While one-shot learning offers promising solutions for these applications, it’s important to note that its effectiveness depends on the choice of algorithm, architecture, and the specific problem at hand.

Matching networks

Matching networks are neural network architectures designed for one-shot learning tasks. They were introduced to address the challenge of learning from a few examples, often just one, per class. Matching networks combine the concepts of attention mechanisms and recurrent networks to make predictions based on a context set of examples.

The basic idea behind matching networks is to use an attention mechanism to dynamically weigh the importance of different examples in the context set when predicting a new sample. This enables the model to focus on the most relevant information in the context set while predicting new examples.

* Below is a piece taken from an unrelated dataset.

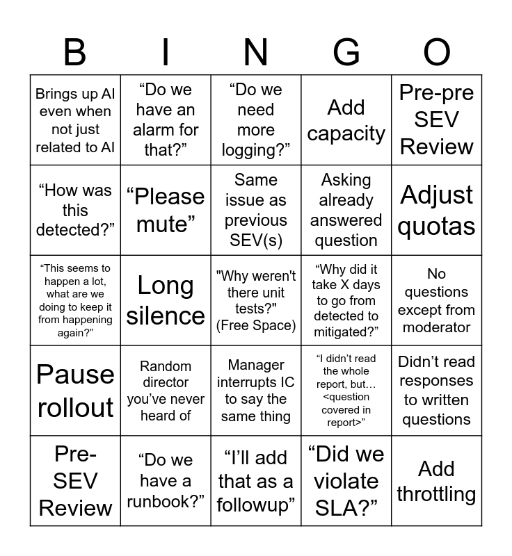 This bingo card has a free space and 24 words: Random director you’ve never heard of, “Do we have a runbook?”, Same issue as previous SEV(s), Pre-SEV Review, Pre-pre SEV Review, Brings up AI even when not just related to AI, “How was this detected?”, “Do we have an alarm for that?”, “Why did it take X days to go from detected to mitigated?”, Manager interrupts IC to say the same thing, Asking already answered question, “This seems to happen a lot, what are we doing to keep it from happening again?”, “I didn’t read the whole report, but… <question covered in report>”, Didn’t read responses to written questions, “Please mute”, “Did we violate SLA?”, No questions except from moderator, “Do we need more logging?”, Adjust quotas, Long silence, Add throttling, Pause rollout, Add capacity and “I’ll add that as a followup”.

Here’s an overview of how matching networks work:

  1. Context Set: The context set consists of a few examples (support set) for each class in the training data. These examples represent the information available for each class during training. Each class has its own context set.
  2. Query: The query is the new example that needs to be classified based on the available context sets. The goal is to predict the class of the query.
  3. Embedding: The context set examples, and the query are embedded using neural networks. These embeddings capture the relevant features of each example.
  4. Attention Mechanism: An attention mechanism is applied to the embedded context set examples concerning the query. This attention mechanism computes weights for each context set example based on its similarity to the query. Examples that are more relevant to the query are assigned higher weights.
  5. Weighted Sum: The embeddings of the context set examples are combined using the attention weights to create a context representation specific to the query.
  6. Classification: The context representation is used to make predictions for the class of the query. This can be done through various methods, such as feeding the context representation through a neural network classifier or computing distances to class prototypes.
  7. Training: The model uses gradient descent and a loss function that encourages correct predictions. During training, the model learns to adjust the attention mechanism and embeddings to utilize the context information for one-shot learning effectively.

Matching networks are versatile and can be applied to various data types, including images, text, and more. They are well-suited for situations where the amount of training data is limited, and a model needs to generalize from a small number of examples.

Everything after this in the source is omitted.